“Ken Livingstone, London’s famously loose-lipped mayor, boarded a subway train here as cameras flashed, demonstrating this city’s resolve not to be cowed by the terrorist attacks that struck three subways and a bus last week. ‘We are going to work, we carry on our lives,’ Livingstone told reporters on Monday morning before resuming his usual commute to work. ‘We don’t let a small group of terrorists change the way we live.’ And that was all.
“Livingstone, 60, has emerged as a sort of anti-Rudolph Giuliani in the wake of the terrorist attacks, the worst the city has ever seen. He has made two solemn statements worthy of Winston Churchill, but has otherwise kept a remarkably low profile for a man whose quarter-century in politics has been marked by bold initiatives and maverick debates. There has been nothing of the post-Sept. 11 take-charge behavior that briefly catapulted Giuliani, as mayor of New York, to the national political stage.
“At last, some people are saying, ‘Red Ken,’ as he is known because of his outspoken liberal views, has hit the right note of humility and outrage and quiet resolve without getting anyone upset. But there may also be something else at play: Livingstone was lambasted last year for inviting an Egyptian-born, Qatari-based conservative cleric, Sheik Yousef al-Qaradawi, to London in what Livingstone’s defenders say was an attempt to demonstrate to the city’s disaffected, radical Muslim youth the mayor’s willingness to engage in dialogue.”
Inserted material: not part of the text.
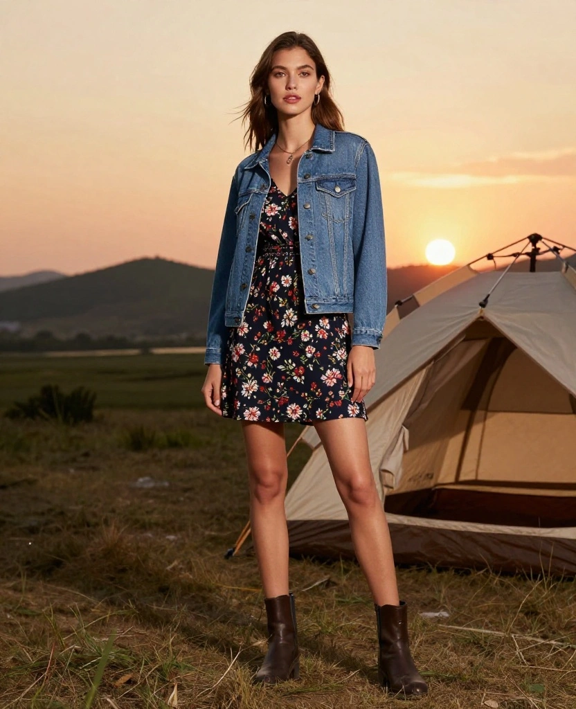 A classic denim jacket layered over a floral dress creates a camping outfit that’s both cute and practical. The denim jacket adds warmth and transforms a summer dress into a versatile piece for various seasons.
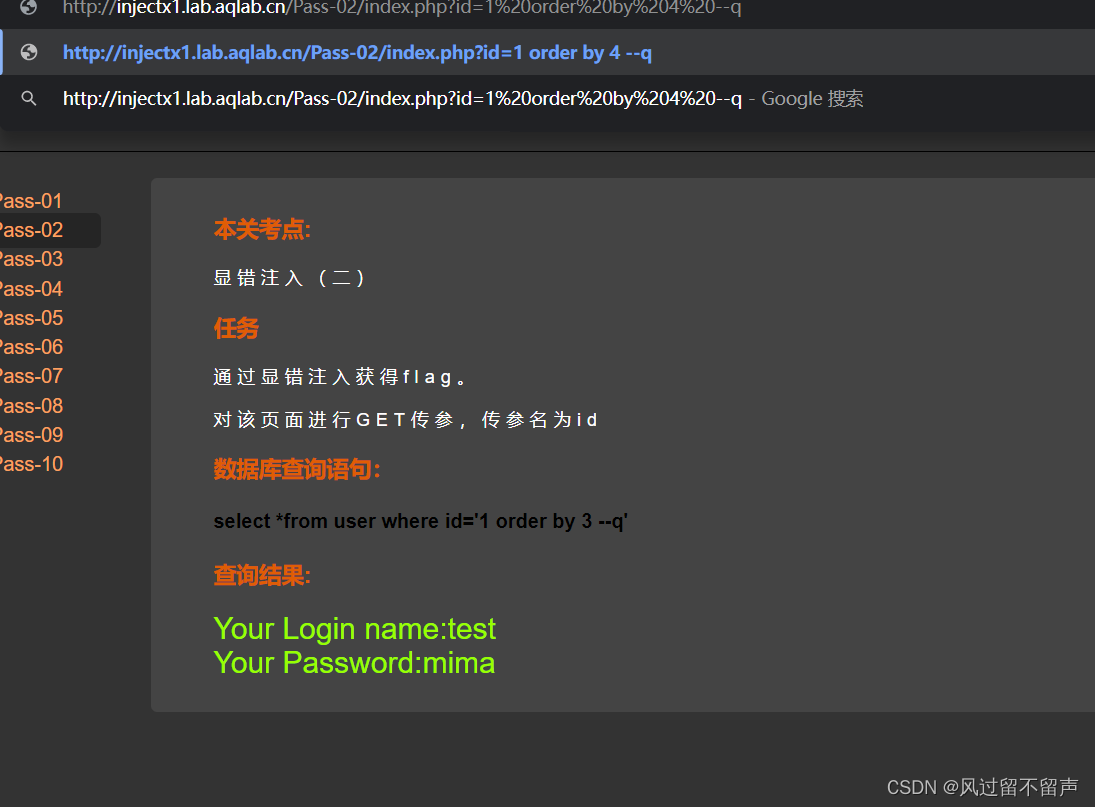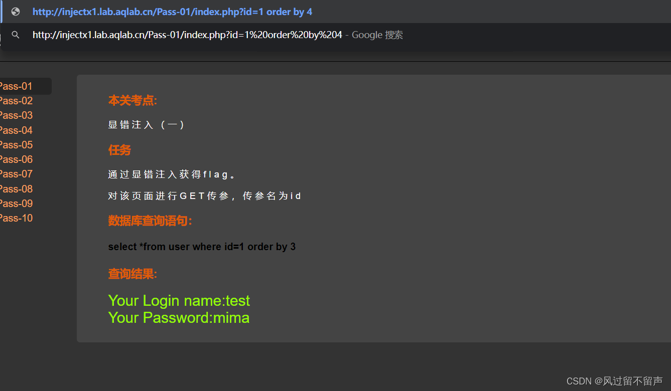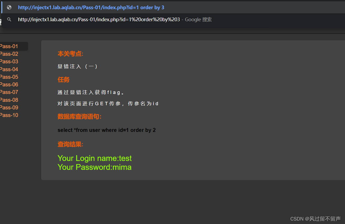 输入 order by 1

Or perhaps, duh, it might be because the Mayor of London has significantly fewer powers than the Mayor of New York. Or hadn’t the NYT noticed that? Plus, of course, two days after this article was published the mayor addressed a 50,000-strong vigil in Trafalgar Square to commemorate the victims of the bombings – and two days after that organised the massive London United concert to celebrate the capital’s diversity and protest against those who sought to destroy it.